Data extracted from a collection:

● ● ●

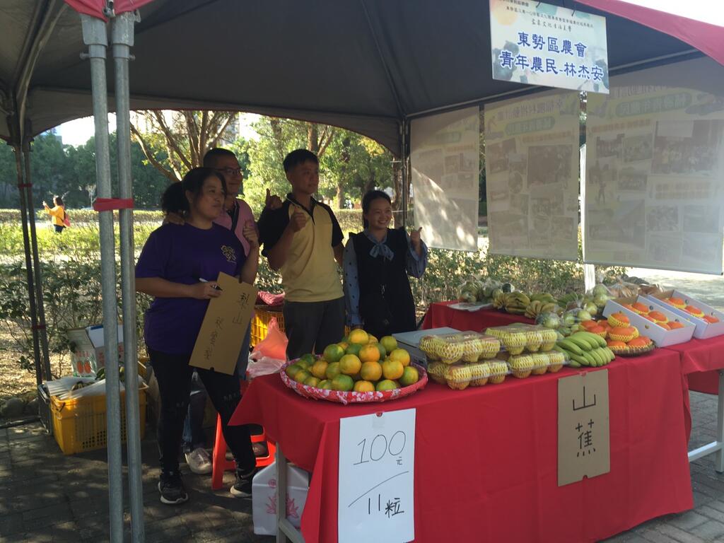 东势是台中重要的农业地区,富有桔子、梨子、柿子等农产品,为推广安全蔬果观念,台中市政府农业局协同东势区农会,今(16)日在东势林业文化园区举办当地农产品展售,包括透过茶蓆活动体验茶艺文化,整合各区农产品推广行销,以及介绍安全蔬果三章1Q标章及友善农业政策,促进更多消费者认识东势。
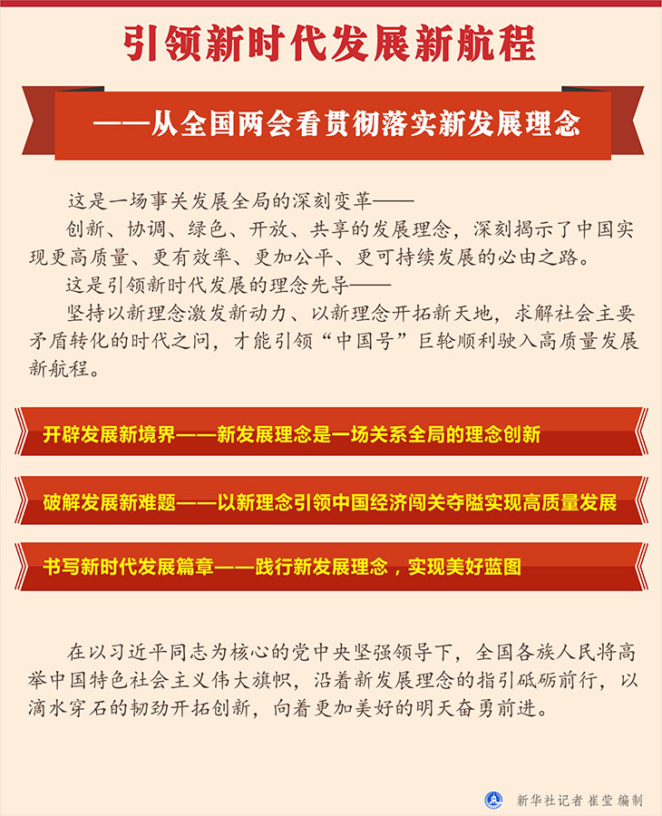 新華社北京3月8日電 題:引領新時代發(fā)展新航程——從全國兩會看貫徹落實新發(fā)展理念
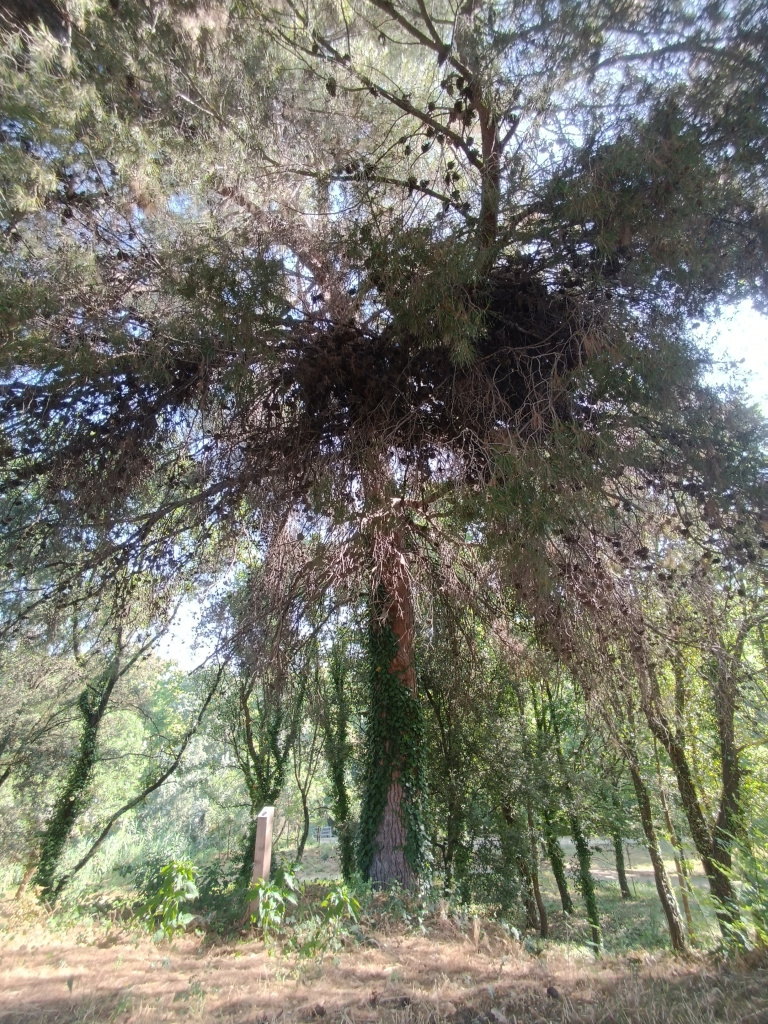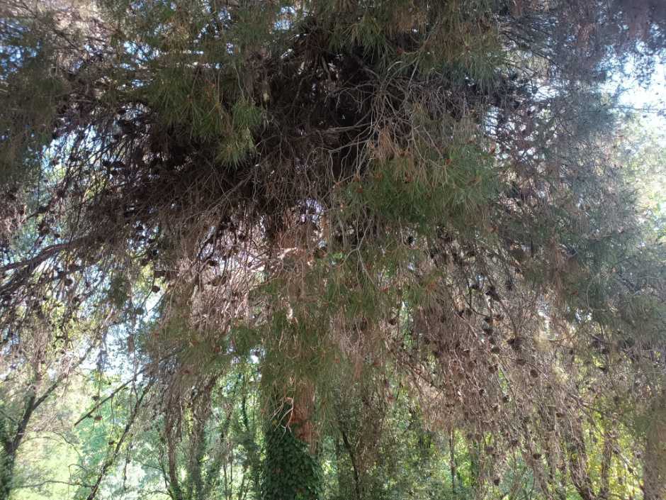 El pi mostra signes de dessecació en algunes branques secundàries.
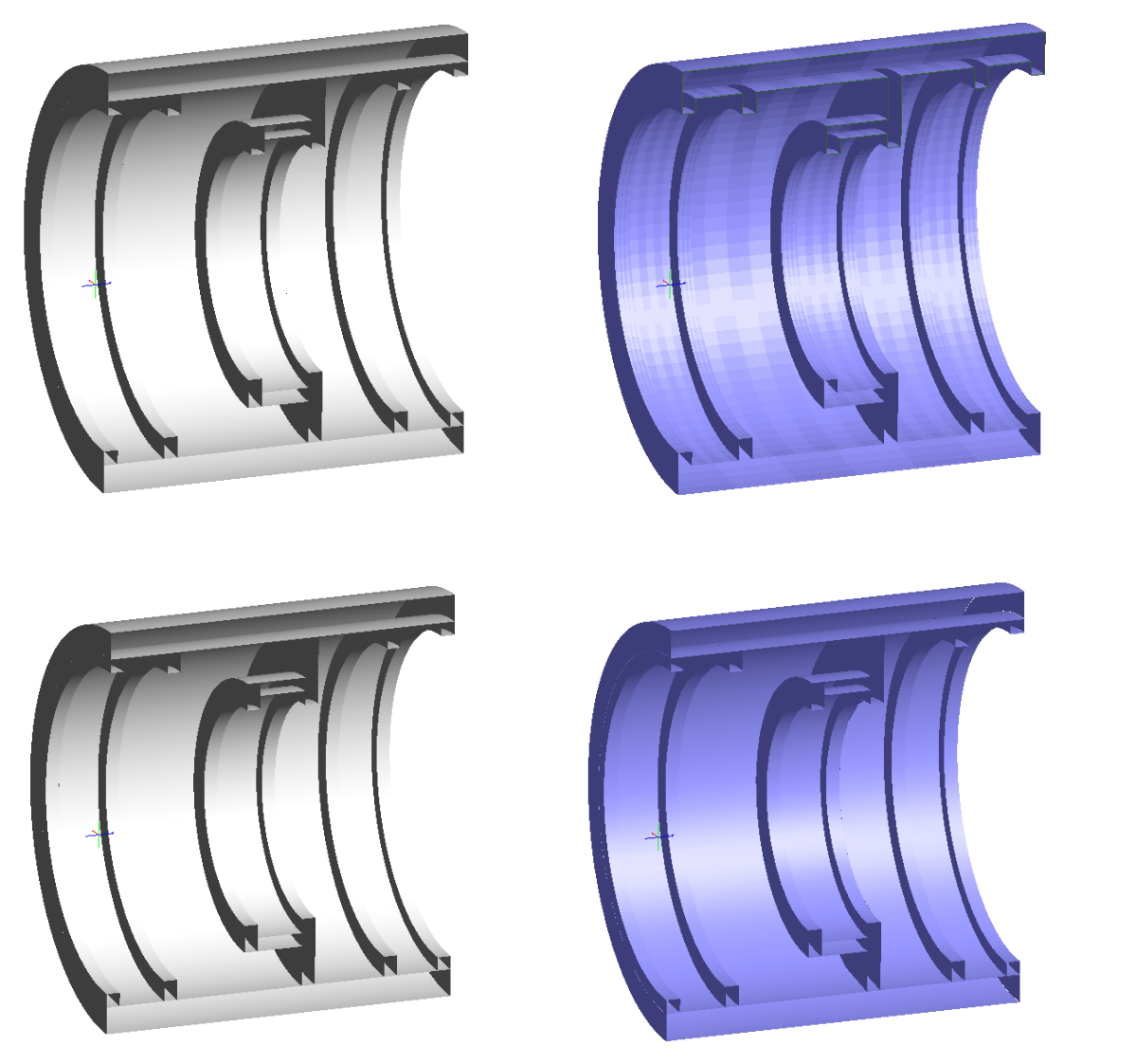 1 - Do you really need CAD?A common use case for CAD import is to bring in a mechanical housing for the optical system, perhaps to perform a study of the full system including stray light. However, in cases such as these the mechanics is often a rotationally symmetric tube with relatively simple internal structure to hold the lenses. In simple cases like this FRED native objects such as an Element Pipe, or a surface of revolution operating on a segmented curve, could be used to create the same shape without the use of NURB's and therefore be much faster to trace. Figure 1 (below) shows four different representations of the same mechanical geometry, only one of which features CAD NURBS.
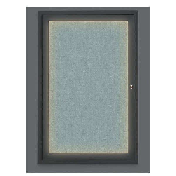 Corkboard,Lighted,Fabric,Blk/Cld,1 Door,24 x 36 In.
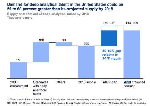 早在2011年麦肯锡就预测到,2018年对数据人才的需求量仅美国就面临14万~19万数据分析人才的空缺,以及150万能够通过大数据分析做出决策和管理的人才需求。
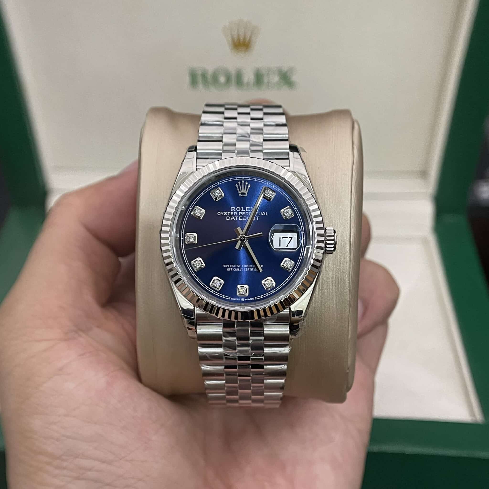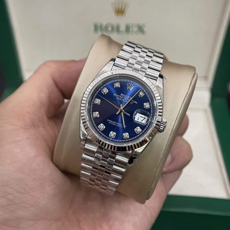 ROLEX DATEJUST BLUE DIAMOND DIAL FLUTED BEZEL JUBILEE SUPER CLONE 36MM
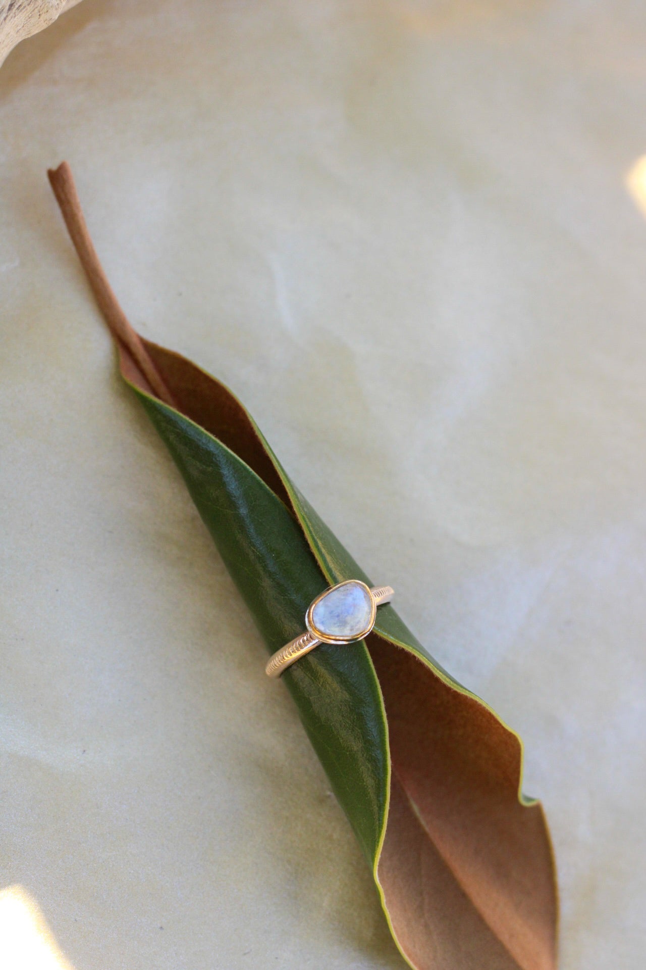 Add a touch of whimsy to your jewelry collection with our Moonstone Ring. This simple and sweet ring stacker can be worn alone for a delicate look or stacked with other rings for more of a statement. Its beautiful glowing color and regal gold make it a must-have.
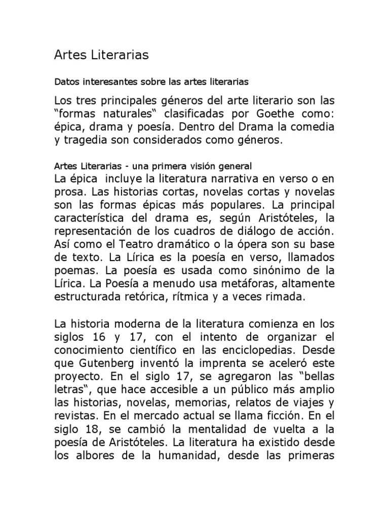 Son las distintas manifestaciones clasificadas dentro del gran concepto de la literatura, además, para entender esas manifestaciones, es necesario mencionar que la literatura se presenta en tres grandes géneros que contienen las diferentes obras literarias:.. Los tres principales géneros del arte literario son las "formas naturales" clasificadas por goethe como: Antología de poesía experimental, de fernando millán y jesús garcía sánchez; Datos interesantes sobre las artes literarias. Asi el arte literario es el conjunto de las composiciones literarias ecritas en un mismo pais, periodo, genero, idioma.. Ademas, para entender esas manifestaciones, es necesario mencionar que la literatura se presenta en tres grandes géneros que contienen las diferentes obras :
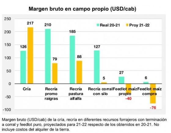Los mayores aumentos registrados en el precio de la hacienda de invernada respecto de la destinada a faena y una suba moderada (pasto) a alta (grano y silaje) en los costos de alimentación, afectan a todos los planteos ganaderos de recría y/o terminación. Cuanto más intensivo es el planteo ganadero, mayor es el impacto negativo sobre el margen bruto. En contraposición, el margen de la cría subirá un nuevo escalón en 2021/2022 respecto del ciclo anterior, lo cual podría impulsar la tan ansiada mejora de los indicadores de eficiencia con beneficios para toda la ganadería.
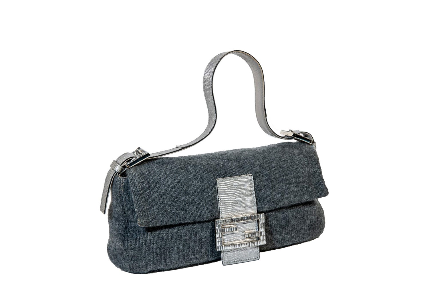 in cachemire color grigio, interno in pelle, chiusura logo in swarovski, cm 25, con sacchetto (lievi difetti)in cachemire color grigio, interno in pelle, chiusura logo in swarovski, cm 25, con sacchetto (lievi difetti)
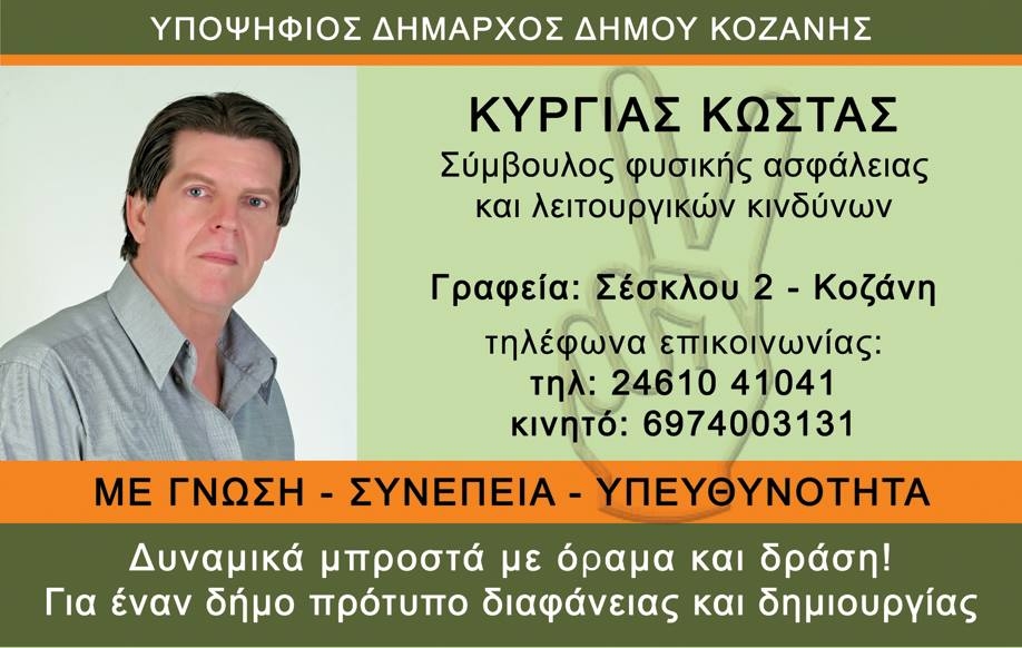 Ο υποψήφιος Δήμαρχος του Δήμου Κοζάνης Κωνσταντίνος Κύργιας και οι συνεργάτες του, σας προσκαλούν να παρευρεθείτε στα εγκαίνια του εκλογικού συνδυασμού «ΑΔΕΣΜΕΥΤΟΙ ΠΟΛΙΤΕΣ», όπου θα τεθούν οι βάσεις του προγράμματος “ Όραμα και Δράση ”, καθώς και η έναρξη του αγώνα.
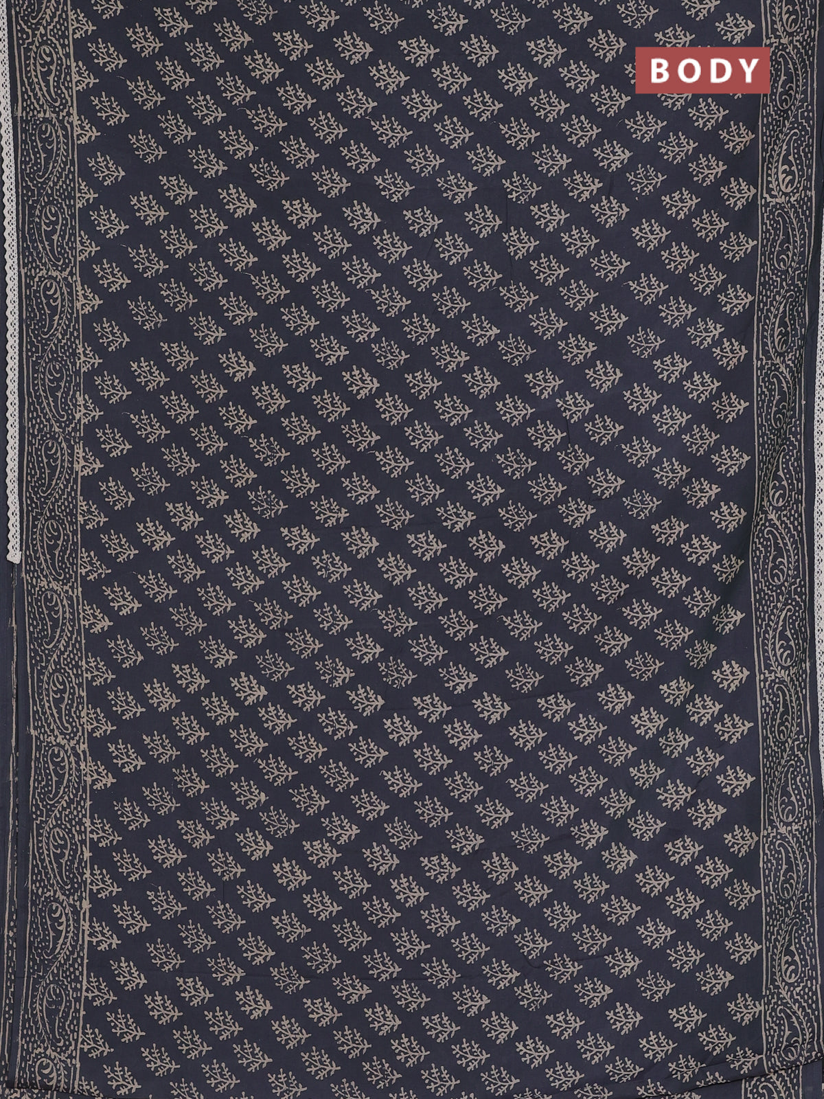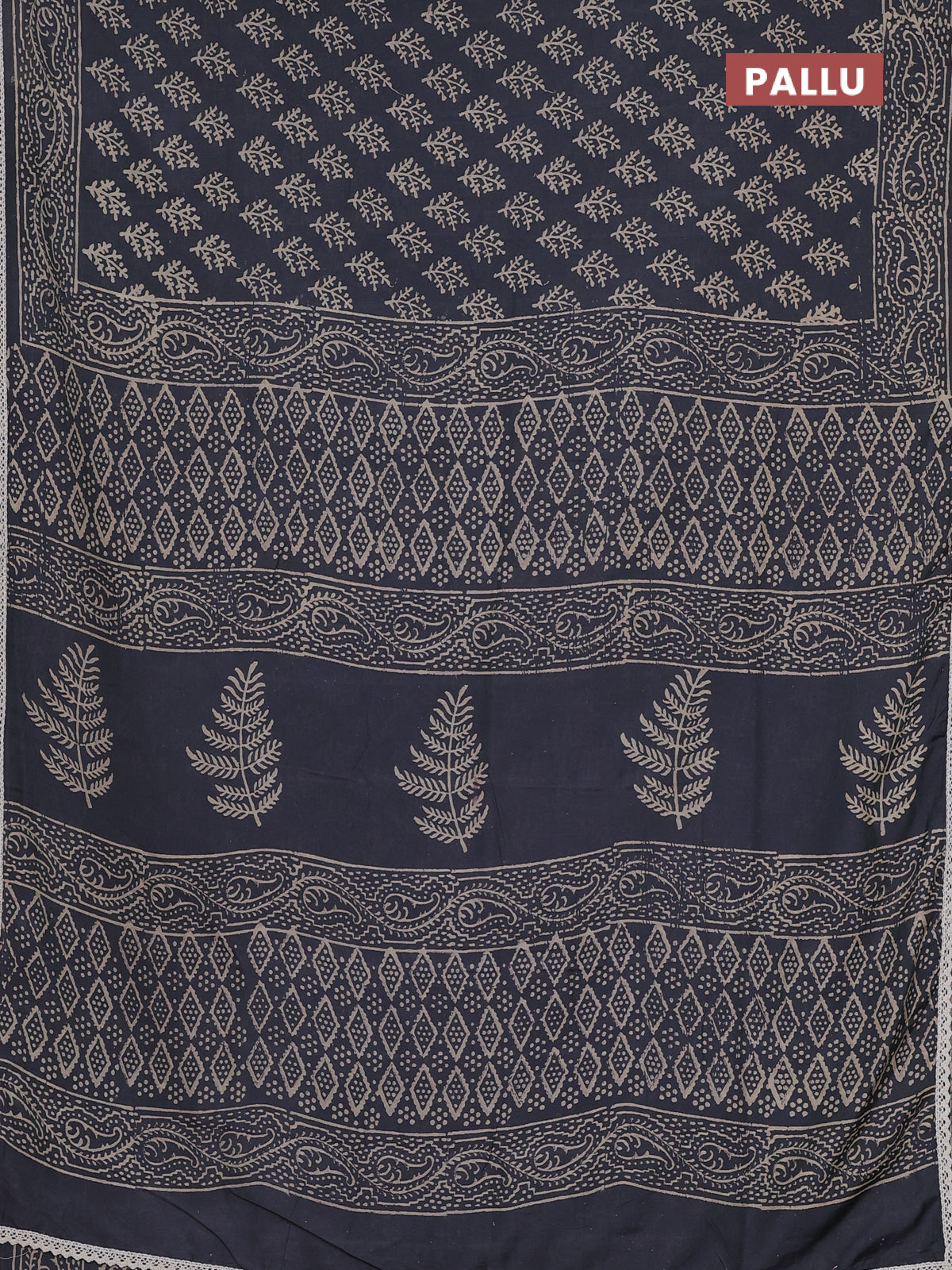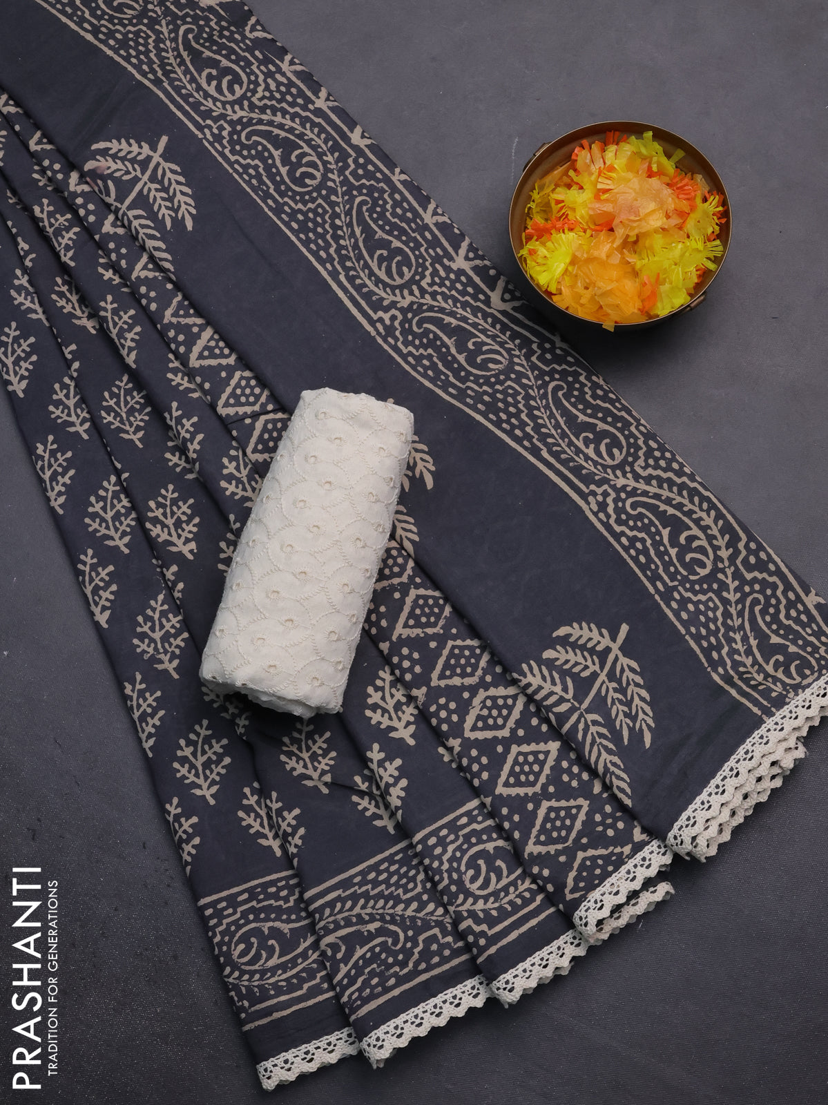 Semi pashmina silk saree dark grey and cream with allover butta prints and crocia lace work border

● ● ●

ACTIVITY:
Leave out the pictures, and extract exactly the lines from the one with "Ο υποψήφιος Δήμαρχος" through the end of the records, both ends included.

RESPONSE BOX:
 Ο υποψήφιος Δήμαρχος του Δήμου Κοζάνης Κωνσταντίνος Κύργιας και οι συνεργάτες του, σας προσκαλούν να παρευρεθείτε στα εγκαίνια του εκλογικού συνδυασμού «ΑΔΕΣΜΕΥΤΟΙ ΠΟΛΙΤΕΣ», όπου θα τεθούν οι βάσεις του προγράμματος “ Όραμα και Δράση ”, καθώς και η έναρξη του αγώνα.
 Semi pashmina silk saree dark grey and cream with allover butta prints and crocia lace work border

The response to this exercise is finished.